== Extracted data entries ==
::::::

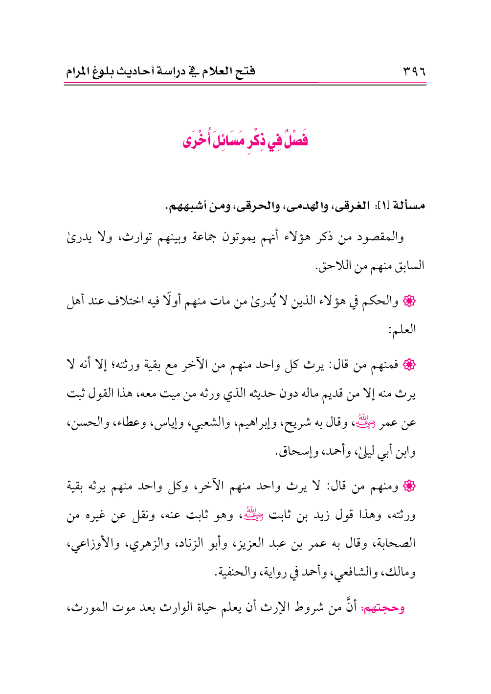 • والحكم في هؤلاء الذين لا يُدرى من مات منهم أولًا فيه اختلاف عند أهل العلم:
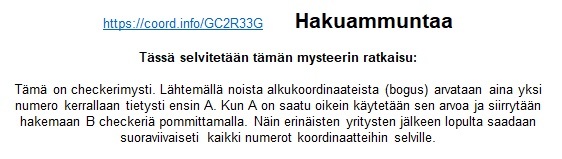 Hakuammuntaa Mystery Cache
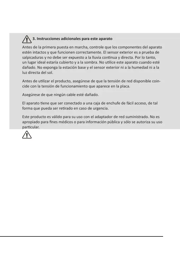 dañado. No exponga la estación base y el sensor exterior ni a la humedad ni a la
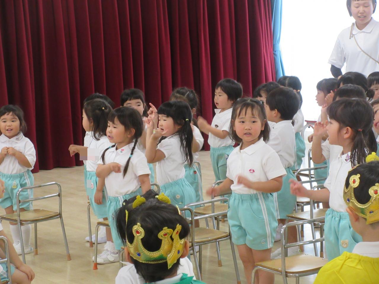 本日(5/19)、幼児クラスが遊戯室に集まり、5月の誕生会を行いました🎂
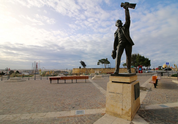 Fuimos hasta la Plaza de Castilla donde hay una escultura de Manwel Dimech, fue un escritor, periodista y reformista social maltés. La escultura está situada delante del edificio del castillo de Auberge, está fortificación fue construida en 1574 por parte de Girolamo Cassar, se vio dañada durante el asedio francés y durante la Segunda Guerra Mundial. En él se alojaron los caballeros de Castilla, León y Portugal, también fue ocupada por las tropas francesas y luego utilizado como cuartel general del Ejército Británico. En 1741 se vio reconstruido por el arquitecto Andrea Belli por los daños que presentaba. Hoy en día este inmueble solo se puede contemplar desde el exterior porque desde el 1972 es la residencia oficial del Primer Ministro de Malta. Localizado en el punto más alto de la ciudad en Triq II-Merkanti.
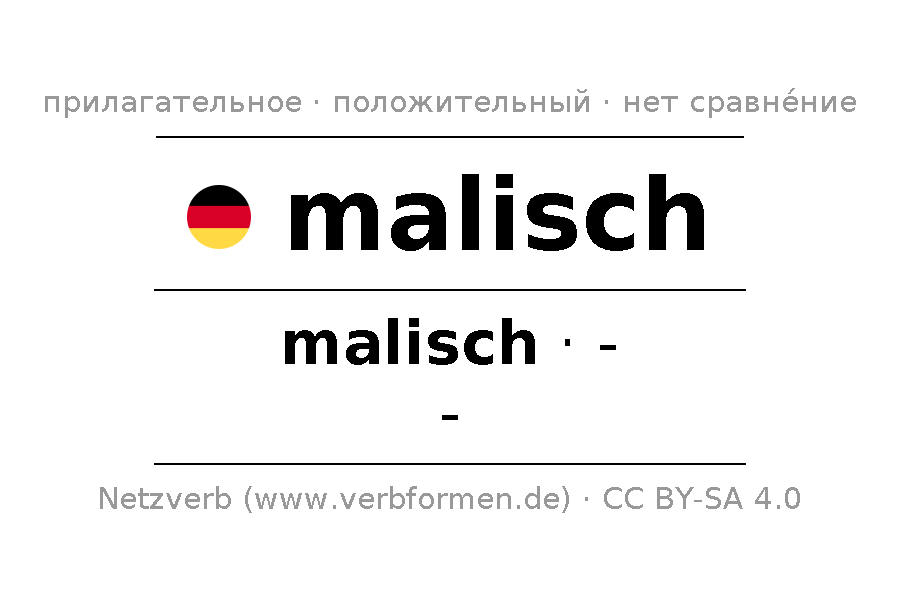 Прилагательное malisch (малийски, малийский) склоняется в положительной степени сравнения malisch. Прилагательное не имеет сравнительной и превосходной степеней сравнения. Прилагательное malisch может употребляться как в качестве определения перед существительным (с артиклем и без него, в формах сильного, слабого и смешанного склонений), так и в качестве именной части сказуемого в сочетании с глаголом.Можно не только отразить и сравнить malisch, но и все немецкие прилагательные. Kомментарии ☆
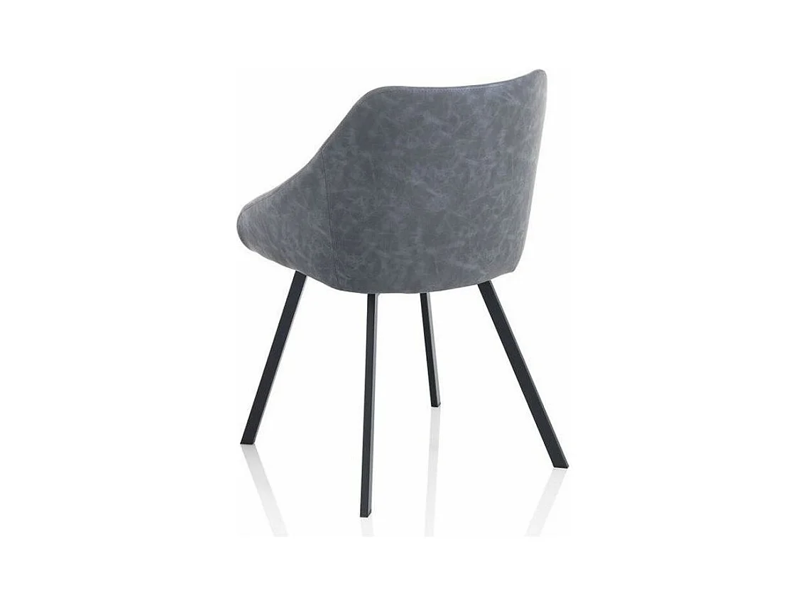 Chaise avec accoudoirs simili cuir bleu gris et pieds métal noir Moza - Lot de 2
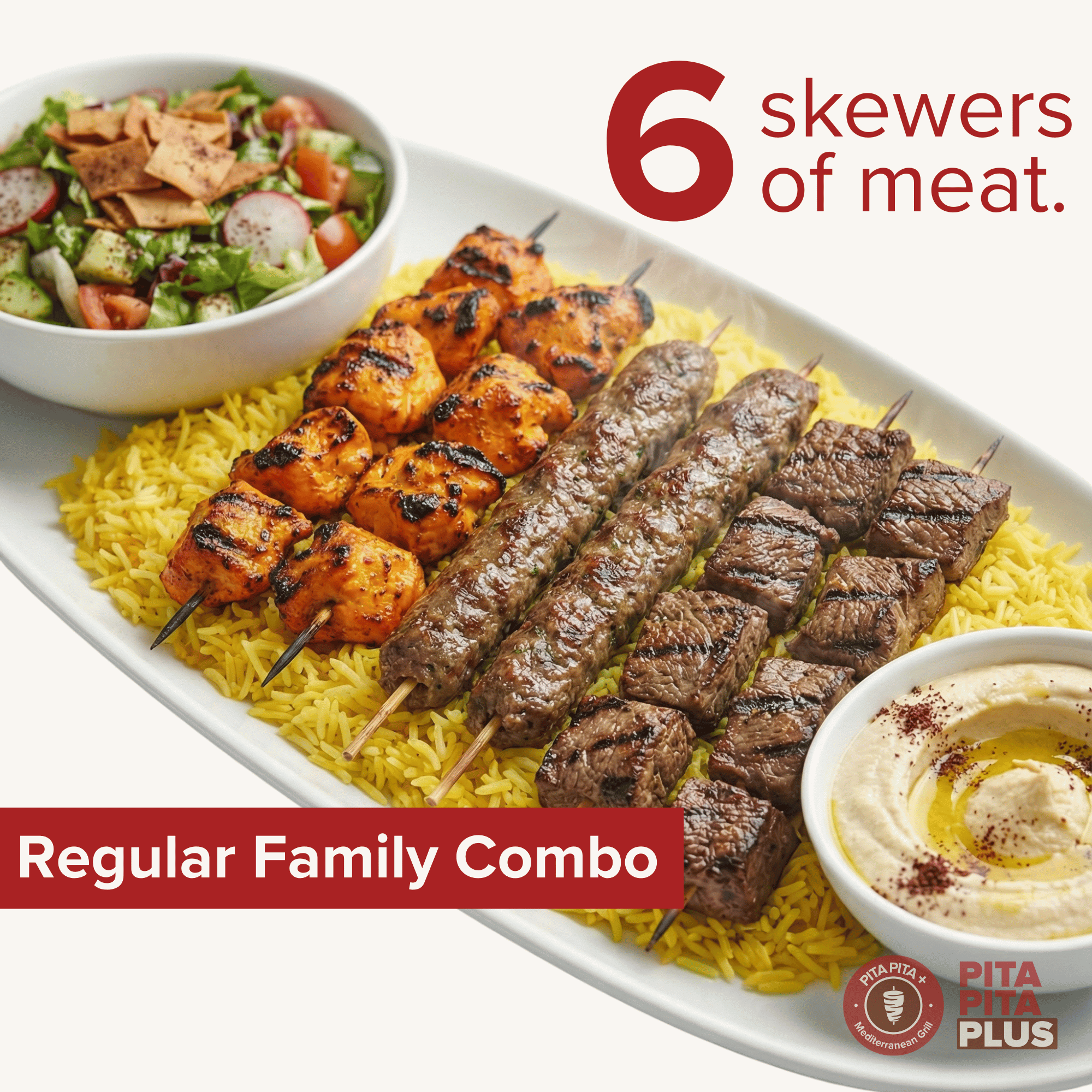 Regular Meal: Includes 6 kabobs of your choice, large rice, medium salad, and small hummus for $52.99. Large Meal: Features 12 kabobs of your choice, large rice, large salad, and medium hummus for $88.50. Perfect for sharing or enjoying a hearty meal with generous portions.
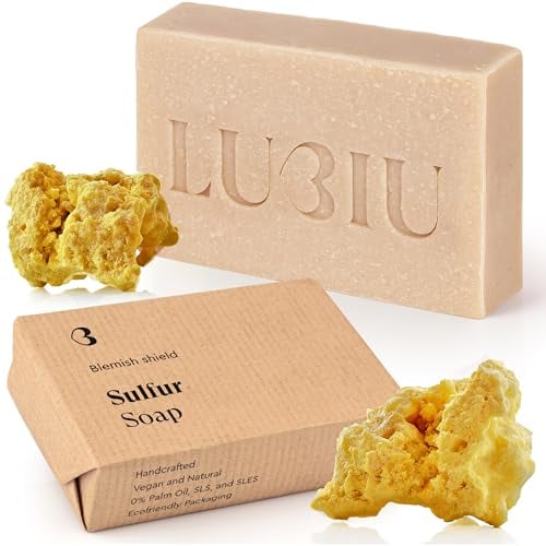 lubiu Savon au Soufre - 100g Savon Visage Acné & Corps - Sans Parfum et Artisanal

::::::

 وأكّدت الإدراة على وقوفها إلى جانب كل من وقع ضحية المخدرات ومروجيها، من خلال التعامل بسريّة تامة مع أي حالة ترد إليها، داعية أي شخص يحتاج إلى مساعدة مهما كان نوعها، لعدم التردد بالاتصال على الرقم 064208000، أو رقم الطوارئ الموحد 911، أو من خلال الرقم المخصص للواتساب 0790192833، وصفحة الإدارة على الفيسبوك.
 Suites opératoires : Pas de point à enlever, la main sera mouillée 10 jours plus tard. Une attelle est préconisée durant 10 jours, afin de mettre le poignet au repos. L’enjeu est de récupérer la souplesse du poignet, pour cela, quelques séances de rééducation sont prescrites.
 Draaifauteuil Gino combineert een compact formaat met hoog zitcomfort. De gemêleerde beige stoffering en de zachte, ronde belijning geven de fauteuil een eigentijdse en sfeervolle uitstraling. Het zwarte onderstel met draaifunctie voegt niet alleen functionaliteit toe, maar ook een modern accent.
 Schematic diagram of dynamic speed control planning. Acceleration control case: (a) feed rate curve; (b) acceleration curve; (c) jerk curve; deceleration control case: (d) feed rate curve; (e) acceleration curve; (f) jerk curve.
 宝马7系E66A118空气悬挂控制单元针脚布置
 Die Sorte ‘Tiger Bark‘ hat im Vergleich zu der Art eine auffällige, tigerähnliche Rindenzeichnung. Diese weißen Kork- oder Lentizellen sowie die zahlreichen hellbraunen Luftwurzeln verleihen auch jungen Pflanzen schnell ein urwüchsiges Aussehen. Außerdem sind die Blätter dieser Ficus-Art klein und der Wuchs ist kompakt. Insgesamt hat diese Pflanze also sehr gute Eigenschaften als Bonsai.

::::::

== What the exercise asks ==
Since the pictures are not part of the copy, please transcribe only the lines above from the one with "Regular Meal: Includes" through the one with "lubiu Savon au", exactly and with both ends.

== Solution to the exercise ==
 Regular Meal: Includes 6 kabobs of your choice, large rice, medium salad, and small hummus for $52.99. Large Meal: Features 12 kabobs of your choice, large rice, large salad, and medium hummus for $88.50. Perfect for sharing or enjoying a hearty meal with generous portions.
 lubiu Savon au Soufre - 100g Savon Visage Acné & Corps - Sans Parfum et Artisanal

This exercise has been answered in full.